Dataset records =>
************

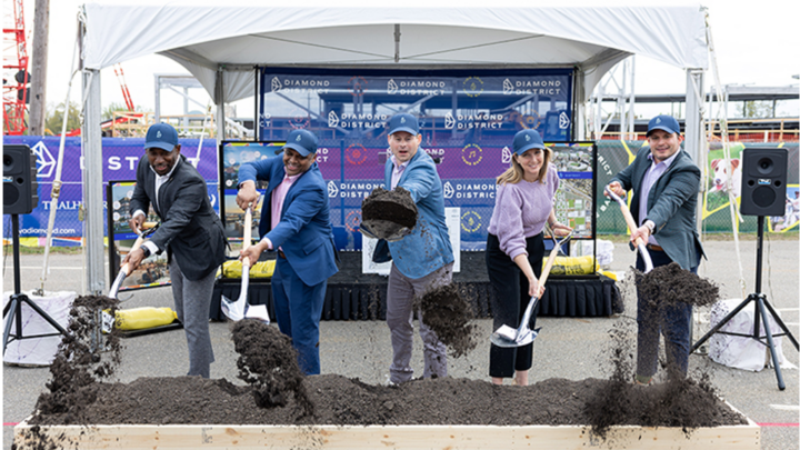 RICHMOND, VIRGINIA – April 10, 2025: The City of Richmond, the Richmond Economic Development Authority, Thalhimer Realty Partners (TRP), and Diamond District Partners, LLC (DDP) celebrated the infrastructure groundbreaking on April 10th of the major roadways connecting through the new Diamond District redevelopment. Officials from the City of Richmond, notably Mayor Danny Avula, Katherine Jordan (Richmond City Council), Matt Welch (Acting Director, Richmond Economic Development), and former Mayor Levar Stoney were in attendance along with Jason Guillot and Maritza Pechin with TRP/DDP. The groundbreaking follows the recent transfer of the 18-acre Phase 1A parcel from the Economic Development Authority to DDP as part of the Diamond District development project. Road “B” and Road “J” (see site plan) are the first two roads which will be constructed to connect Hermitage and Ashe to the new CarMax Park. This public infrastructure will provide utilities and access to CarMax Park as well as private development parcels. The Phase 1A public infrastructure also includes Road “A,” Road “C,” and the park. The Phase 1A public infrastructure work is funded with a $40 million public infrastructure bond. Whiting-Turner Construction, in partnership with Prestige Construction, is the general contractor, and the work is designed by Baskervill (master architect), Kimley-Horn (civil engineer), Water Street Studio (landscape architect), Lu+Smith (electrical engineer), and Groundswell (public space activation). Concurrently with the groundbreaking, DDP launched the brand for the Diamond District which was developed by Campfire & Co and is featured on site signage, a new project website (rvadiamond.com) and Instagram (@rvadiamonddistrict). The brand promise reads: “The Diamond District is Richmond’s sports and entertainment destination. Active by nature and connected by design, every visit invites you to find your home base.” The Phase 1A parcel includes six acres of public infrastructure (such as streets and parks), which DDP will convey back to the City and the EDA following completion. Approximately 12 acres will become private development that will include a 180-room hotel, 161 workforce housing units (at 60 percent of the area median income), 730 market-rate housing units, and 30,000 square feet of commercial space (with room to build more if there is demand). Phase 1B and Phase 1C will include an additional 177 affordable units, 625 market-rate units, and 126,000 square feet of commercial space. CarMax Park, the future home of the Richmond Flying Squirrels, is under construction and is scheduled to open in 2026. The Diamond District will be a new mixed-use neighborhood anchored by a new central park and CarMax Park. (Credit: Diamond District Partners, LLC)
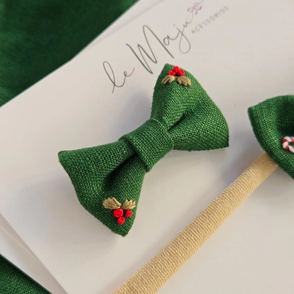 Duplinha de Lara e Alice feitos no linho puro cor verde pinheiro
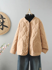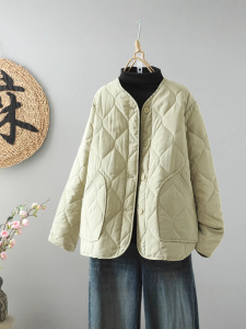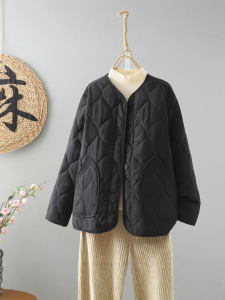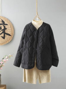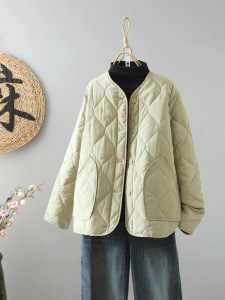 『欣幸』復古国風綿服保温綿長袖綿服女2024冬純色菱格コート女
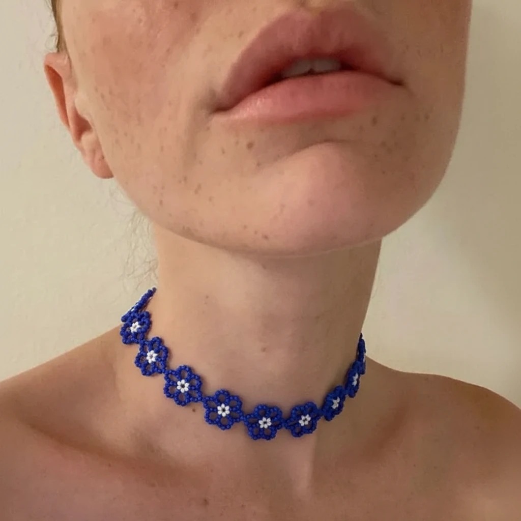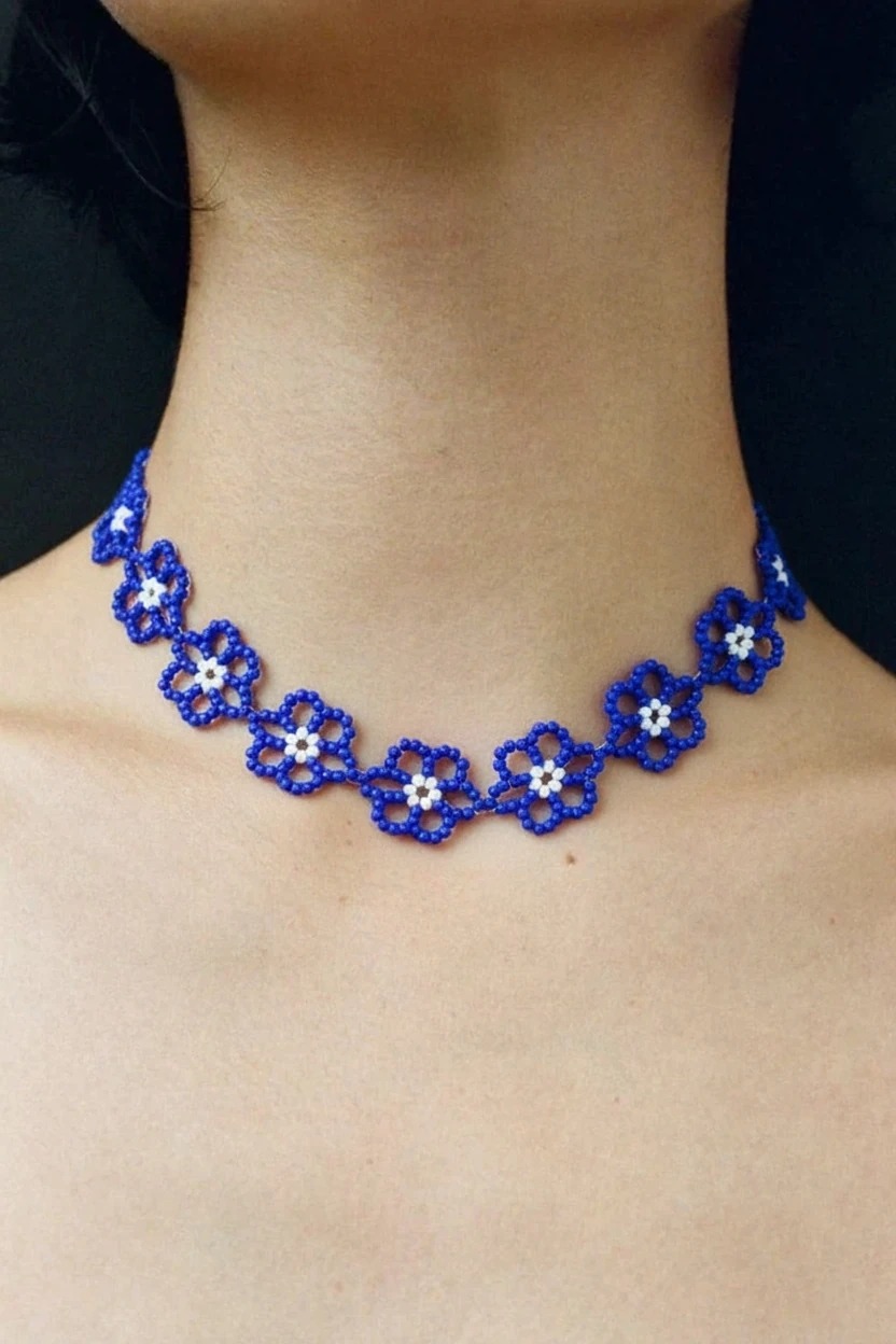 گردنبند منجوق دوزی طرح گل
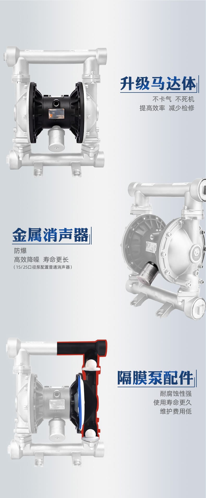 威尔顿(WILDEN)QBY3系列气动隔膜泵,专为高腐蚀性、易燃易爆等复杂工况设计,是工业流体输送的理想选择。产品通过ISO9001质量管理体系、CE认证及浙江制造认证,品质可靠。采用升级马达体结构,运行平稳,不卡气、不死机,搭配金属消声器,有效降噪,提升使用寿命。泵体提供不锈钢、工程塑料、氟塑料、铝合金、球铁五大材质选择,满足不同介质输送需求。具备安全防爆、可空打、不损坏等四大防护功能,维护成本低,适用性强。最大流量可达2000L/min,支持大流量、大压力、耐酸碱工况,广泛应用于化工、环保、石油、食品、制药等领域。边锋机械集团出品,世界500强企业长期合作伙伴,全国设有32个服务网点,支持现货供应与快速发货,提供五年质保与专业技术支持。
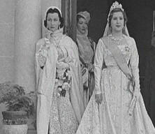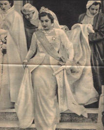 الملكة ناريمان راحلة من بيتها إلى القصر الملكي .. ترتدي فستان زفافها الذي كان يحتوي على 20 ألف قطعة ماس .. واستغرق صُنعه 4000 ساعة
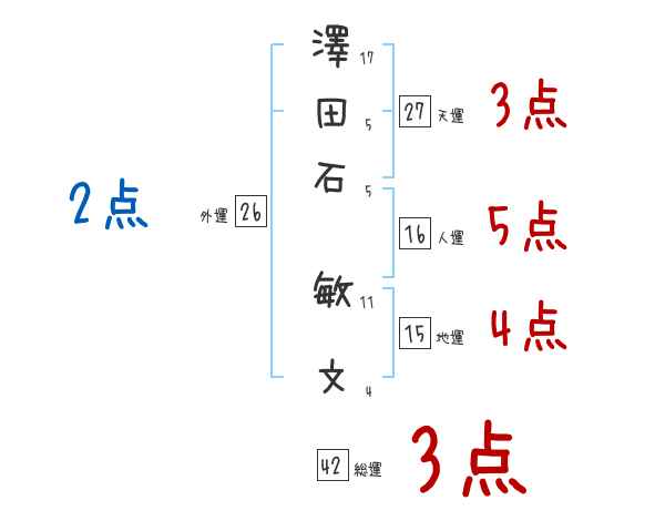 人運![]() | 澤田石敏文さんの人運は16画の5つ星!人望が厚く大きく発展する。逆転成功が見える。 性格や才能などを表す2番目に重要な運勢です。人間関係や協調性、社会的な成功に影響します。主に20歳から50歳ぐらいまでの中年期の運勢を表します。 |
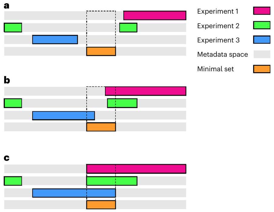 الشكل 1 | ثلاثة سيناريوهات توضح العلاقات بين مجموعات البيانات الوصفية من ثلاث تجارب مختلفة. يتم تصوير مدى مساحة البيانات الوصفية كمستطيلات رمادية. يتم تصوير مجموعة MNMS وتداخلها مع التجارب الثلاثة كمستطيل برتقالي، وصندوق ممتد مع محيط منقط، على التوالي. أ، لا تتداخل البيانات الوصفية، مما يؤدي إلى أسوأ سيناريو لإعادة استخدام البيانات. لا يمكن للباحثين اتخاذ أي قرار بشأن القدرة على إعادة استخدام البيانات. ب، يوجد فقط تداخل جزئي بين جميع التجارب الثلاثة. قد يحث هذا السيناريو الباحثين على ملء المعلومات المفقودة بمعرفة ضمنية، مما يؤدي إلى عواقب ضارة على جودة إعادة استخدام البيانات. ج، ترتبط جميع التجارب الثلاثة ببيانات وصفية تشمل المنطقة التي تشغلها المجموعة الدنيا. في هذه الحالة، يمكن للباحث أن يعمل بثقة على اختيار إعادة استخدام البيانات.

************

Give back every entry word for word, and drop the pictures as you go.

RESPONSE =>
 RICHMOND, VIRGINIA – April 10, 2025: The City of Richmond, the Richmond Economic Development Authority, Thalhimer Realty Partners (TRP), and Diamond District Partners, LLC (DDP) celebrated the infrastructure groundbreaking on April 10th of the major roadways connecting through the new Diamond District redevelopment. Officials from the City of Richmond, notably Mayor Danny Avula, Katherine Jordan (Richmond City Council), Matt Welch (Acting Director, Richmond Economic Development), and former Mayor Levar Stoney were in attendance along with Jason Guillot and Maritza Pechin with TRP/DDP. The groundbreaking follows the recent transfer of the 18-acre Phase 1A parcel from the Economic Development Authority to DDP as part of the Diamond District development project. Road “B” and Road “J” (see site plan) are the first two roads which will be constructed to connect Hermitage and Ashe to the new CarMax Park. This public infrastructure will provide utilities and access to CarMax Park as well as private development parcels. The Phase 1A public infrastructure also includes Road “A,” Road “C,” and the park. The Phase 1A public infrastructure work is funded with a $40 million public infrastructure bond. Whiting-Turner Construction, in partnership with Prestige Construction, is the general contractor, and the work is designed by Baskervill (master architect), Kimley-Horn (civil engineer), Water Street Studio (landscape architect), Lu+Smith (electrical engineer), and Groundswell (public space activation). Concurrently with the groundbreaking, DDP launched the brand for the Diamond District which was developed by Campfire & Co and is featured on site signage, a new project website (rvadiamond.com) and Instagram (@rvadiamonddistrict). The brand promise reads: “The Diamond District is Richmond’s sports and entertainment destination. Active by nature and connected by design, every visit invites you to find your home base.” The Phase 1A parcel includes six acres of public infrastructure (such as streets and parks), which DDP will convey back to the City and the EDA following completion. Approximately 12 acres will become private development that will include a 180-room hotel, 161 workforce housing units (at 60 percent of the area median income), 730 market-rate housing units, and 30,000 square feet of commercial space (with room to build more if there is demand). Phase 1B and Phase 1C will include an additional 177 affordable units, 625 market-rate units, and 126,000 square feet of commercial space. CarMax Park, the future home of the Richmond Flying Squirrels, is under construction and is scheduled to open in 2026. The Diamond District will be a new mixed-use neighborhood anchored by a new central park and CarMax Park. (Credit: Diamond District Partners, LLC)
 Duplinha de Lara e Alice feitos no linho puro cor verde pinheiro
 『欣幸』復古国風綿服保温綿長袖綿服女2024冬純色菱格コート女
 گردنبند منجوق دوزی طرح گل
 威尔顿(WILDEN)QBY3系列气动隔膜泵,专为高腐蚀性、易燃易爆等复杂工况设计,是工业流体输送的理想选择。产品通过ISO9001质量管理体系、CE认证及浙江制造认证,品质可靠。采用升级马达体结构,运行平稳,不卡气、不死机,搭配金属消声器,有效降噪,提升使用寿命。泵体提供不锈钢、工程塑料、氟塑料、铝合金、球铁五大材质选择,满足不同介质输送需求。具备安全防爆、可空打、不损坏等四大防护功能,维护成本低,适用性强。最大流量可达2000L/min,支持大流量、大压力、耐酸碱工况,广泛应用于化工、环保、石油、食品、制药等领域。边锋机械集团出品,世界500强企业长期合作伙伴,全国设有32个服务网点,支持现货供应与快速发货,提供五年质保与专业技术支持。
 الملكة ناريمان راحلة من بيتها إلى القصر الملكي .. ترتدي فستان زفافها الذي كان يحتوي على 20 ألف قطعة ماس .. واستغرق صُنعه 4000 ساعة
 人運![]() | 澤田石敏文さんの人運は16画の5つ星!人望が厚く大きく発展する。逆転成功が見える。 性格や才能などを表す2番目に重要な運勢です。人間関係や協調性、社会的な成功に影響します。主に20歳から50歳ぐらいまでの中年期の運勢を表します。 |
 الشكل 1 | ثلاثة سيناريوهات توضح العلاقات بين مجموعات البيانات الوصفية من ثلاث تجارب مختلفة. يتم تصوير مدى مساحة البيانات الوصفية كمستطيلات رمادية. يتم تصوير مجموعة MNMS وتداخلها مع التجارب الثلاثة كمستطيل برتقالي، وصندوق ممتد مع محيط منقط، على التوالي. أ، لا تتداخل البيانات الوصفية، مما يؤدي إلى أسوأ سيناريو لإعادة استخدام البيانات. لا يمكن للباحثين اتخاذ أي قرار بشأن القدرة على إعادة استخدام البيانات. ب، يوجد فقط تداخل جزئي بين جميع التجارب الثلاثة. قد يحث هذا السيناريو الباحثين على ملء المعلومات المفقودة بمعرفة ضمنية، مما يؤدي إلى عواقب ضارة على جودة إعادة استخدام البيانات. ج، ترتبط جميع التجارب الثلاثة ببيانات وصفية تشمل المنطقة التي تشغلها المجموعة الدنيا. في هذه الحالة، يمكن للباحث أن يعمل بثقة على اختيار إعادة استخدام البيانات.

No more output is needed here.